*** Opening DATA ***

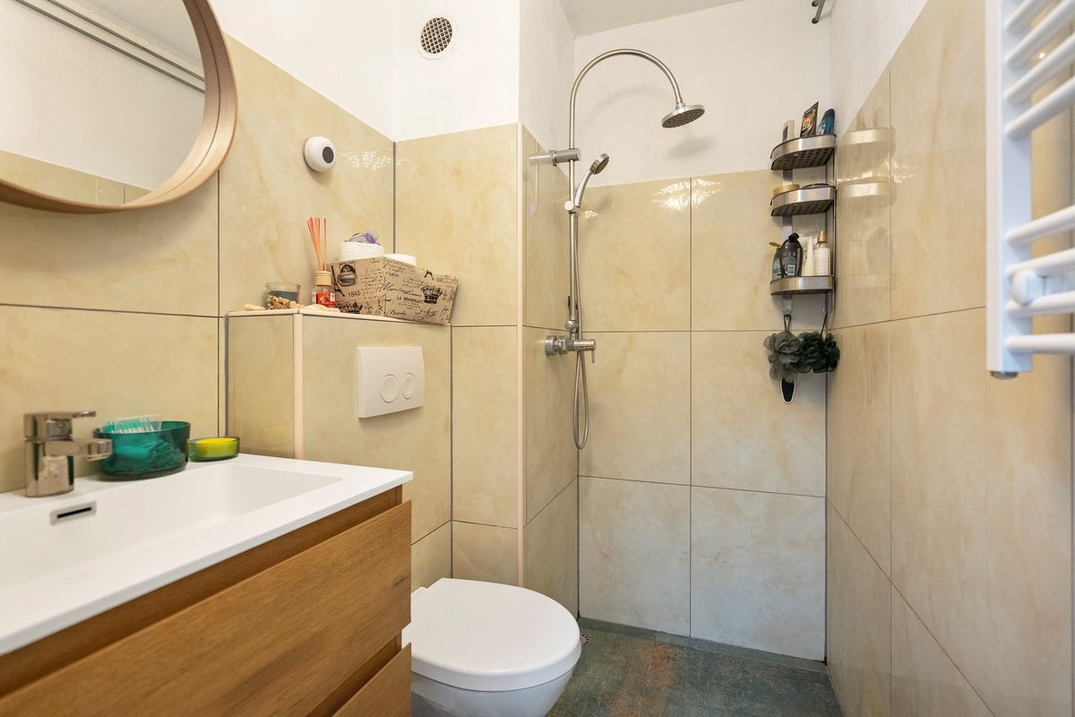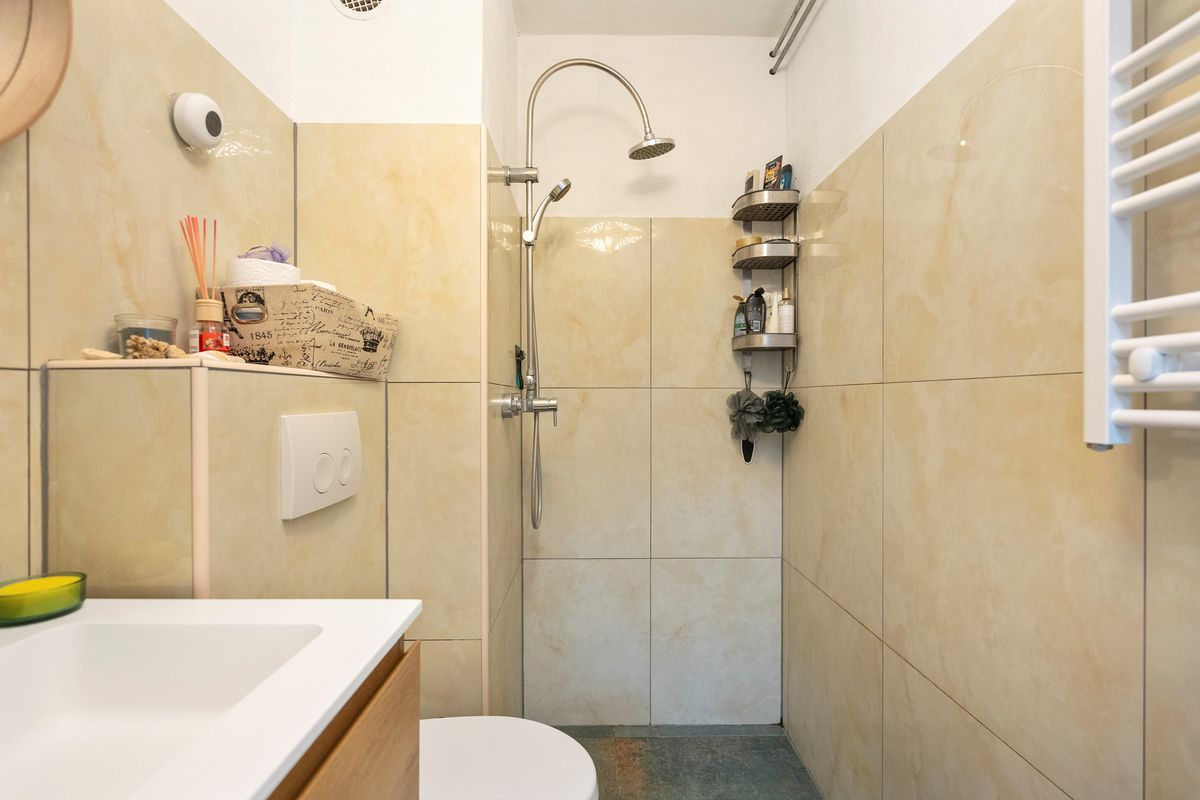On the fourth floor, you enter through the hallway, followed by a neat renovated (2022) bathroom with a shower, sink, and toilet. The bright living room with an open kitchen provides access to the sunny southwest-facing balcony. The kitchen is equipped with various built-in appliances such as a fridge-freezer combination, oven, and 4-pit gas cookingplate.
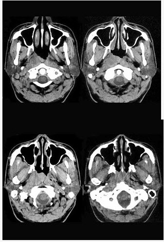 男,52岁,右耳鸣两月余,伴鼻塞,CT如图所示,应诊断为()。
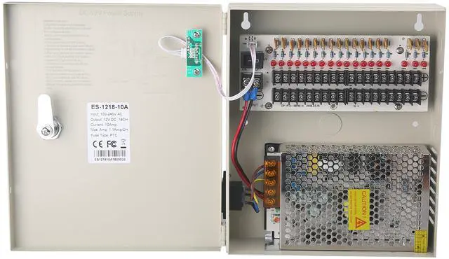 Net Weight 2.3K gSpecification: Input Voltage AC 100-240VInput Voltage Frequency 50/60HzOutput Voltage DC 12V +/-5%Total Output Current 20ATotal Outputs 18Fuse Type PTC (Resetable) Fuse Rating 1.1A
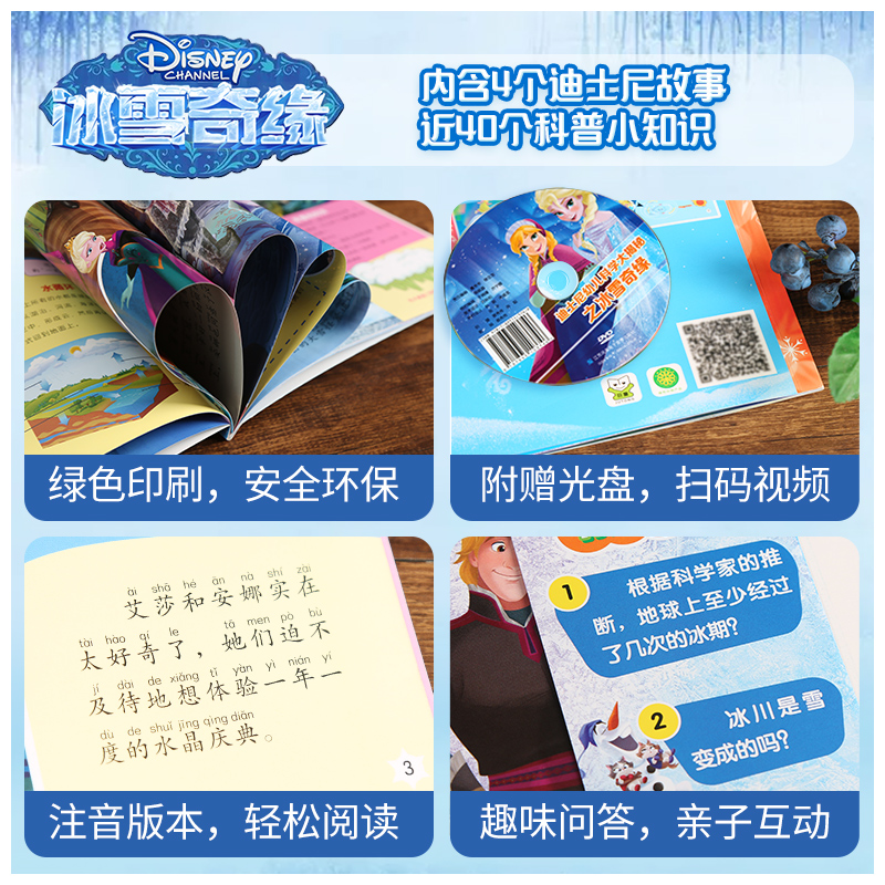 安娜艾莎公主故事书3 有声书迪士尼幼儿科学大揭儿童秘绘本拼音版 6岁睡前故事漫画书幼儿园中班大班 全4册 QHL冰雪奇缘故事书注音版
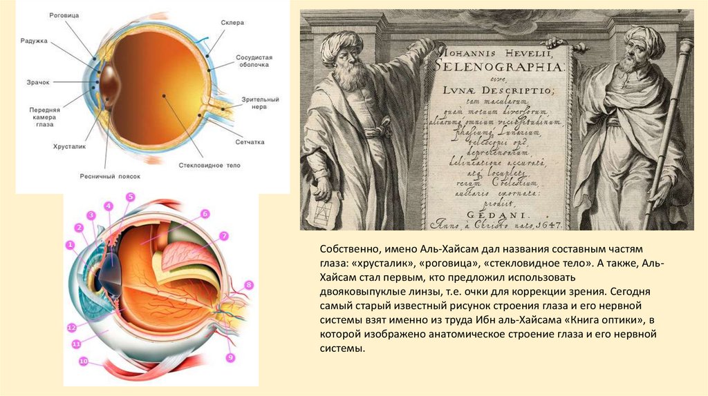 Собственно, имено Аль-Хайсам дал названия составным частямглаза: «хрусталик», «роговица», «стекловидное тело». А также, АльХайсам стал первым, кто предложил использовать
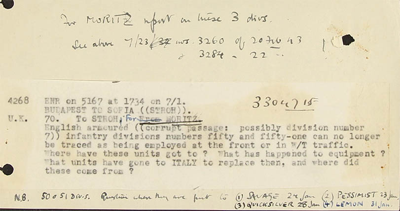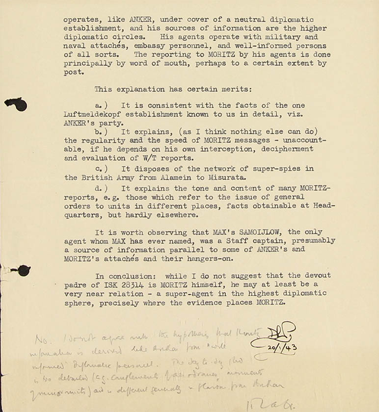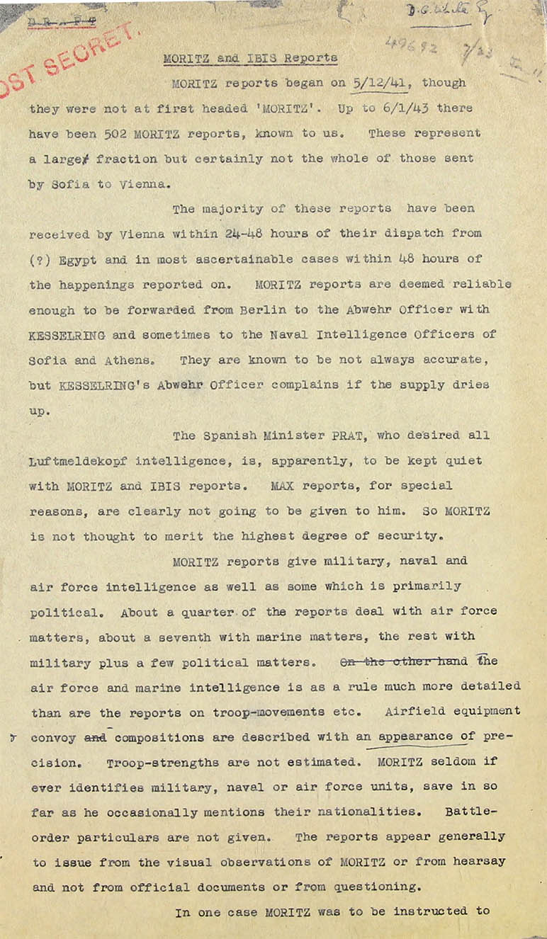 Note: It has been suggested that Moritz and Ibis are Russian double-crossers. The point is of very slight importance for any case they represent a grandiose leakage of information or misinformation uncontrolled by us, using a communication-method, appreciated by the Germans but completely undetected by us. Our security-system has been trickled for a year and a quarter, and the hypothesis that its motives are anti-German brings little reassurance.

*** Closing DATA ***

▸ WHAT THE EXERCISE ASKS
The answer is the lines above, word for word, from the first one through the one containing "Собственно, имено Аль-Хайсам"; it includes no pictures.

▸ ANSWER
On the fourth floor, you enter through the hallway, followed by a neat renovated (2022) bathroom with a shower, sink, and toilet. The bright living room with an open kitchen provides access to the sunny southwest-facing balcony. The kitchen is equipped with various built-in appliances such as a fridge-freezer combination, oven, and 4-pit gas cookingplate.
 男,52岁,右耳鸣两月余,伴鼻塞,CT如图所示,应诊断为()。
 Net Weight 2.3K gSpecification: Input Voltage AC 100-240VInput Voltage Frequency 50/60HzOutput Voltage DC 12V +/-5%Total Output Current 20ATotal Outputs 18Fuse Type PTC (Resetable) Fuse Rating 1.1A
 安娜艾莎公主故事书3 有声书迪士尼幼儿科学大揭儿童秘绘本拼音版 6岁睡前故事漫画书幼儿园中班大班 全4册 QHL冰雪奇缘故事书注音版
 Собственно, имено Аль-Хайсам дал названия составным частямглаза: «хрусталик», «роговица», «стекловидное тело». А также, АльХайсам стал первым, кто предложил использовать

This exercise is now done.